A dead pixel or a small crack may be enough to force a laptop owner into changing a still operational LCD screen. Luckily, a replacement LCD laptop screen or monitor is not that expensive. Picking the right LCD is easy when you know how to assess the size and the compatibility of the replacement.
Screen Model and Laptop Model
The same screen model makes an obvious first choice when deciding on a replacement LCD screen. However, to locate the model number, owners have to access the back of the LCD monitor. Disassemble the frame, and check the back plate. It should have a printed number that designates the model. Those hesitant to remove parts before they have a replacement can use the laptop make and model to search for compatible monitors.
Panel Size and Resolution
In situations where the recommended LCD laptop screen replacement model is not available, buyers can try to match the size and the native resolution of the original. With so many different screens produced, it should not be too difficult to find an exact match. The LCD panel size ranges between 10 and 17 inches for a laptop and 1280x800 pixels is the most common native resolution. Smaller and older LCDs may have a 1024x768-pixel resolution, while high-end models can have a deep 1366x768-pixel native resolution.

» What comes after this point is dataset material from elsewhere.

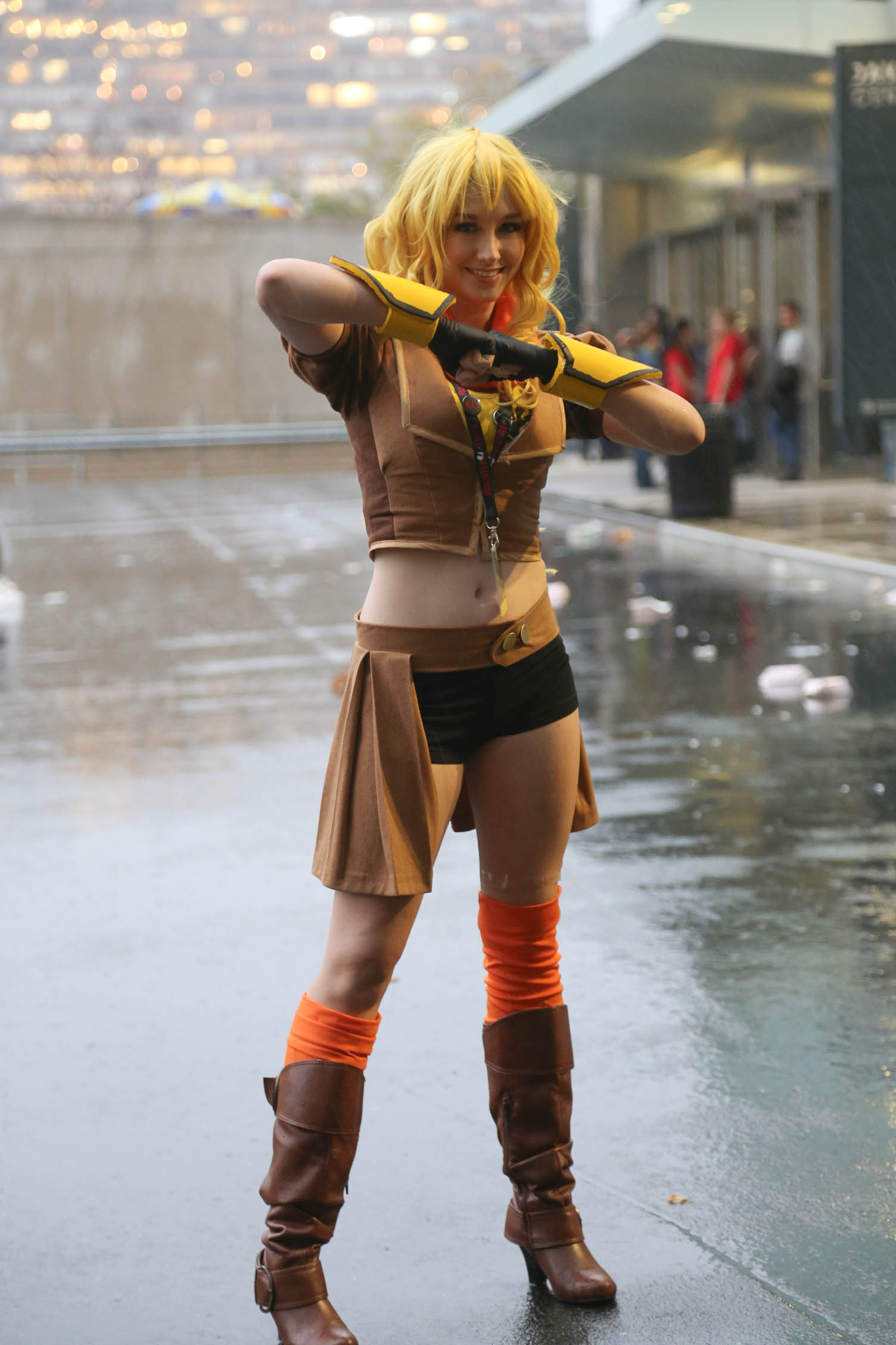 New York Comic Con 2015 - Yang Cosplay at the 2015 New York Comic Con (NYCC 2015).

Choosing Different Manufacturers
Backlight and Physical Aspects
To ensure compatibility, buyers need to find an LCD that matches the physical aspects of the original. When it comes to backlight, LCD monitors use either LED or CCFL. Most of the current displays are LED, but an older laptop might be a CCFL. To determine backlight type, check the cabling that connects the LCD screen to the board. Screens with a single data cable use LEDs, while more means it uses CCFL. A laptop motherboard has only one type of connectors, so it is highly important that the replacement use the same ones. Pay attention to the number of pins on the connector, as they may appear similar.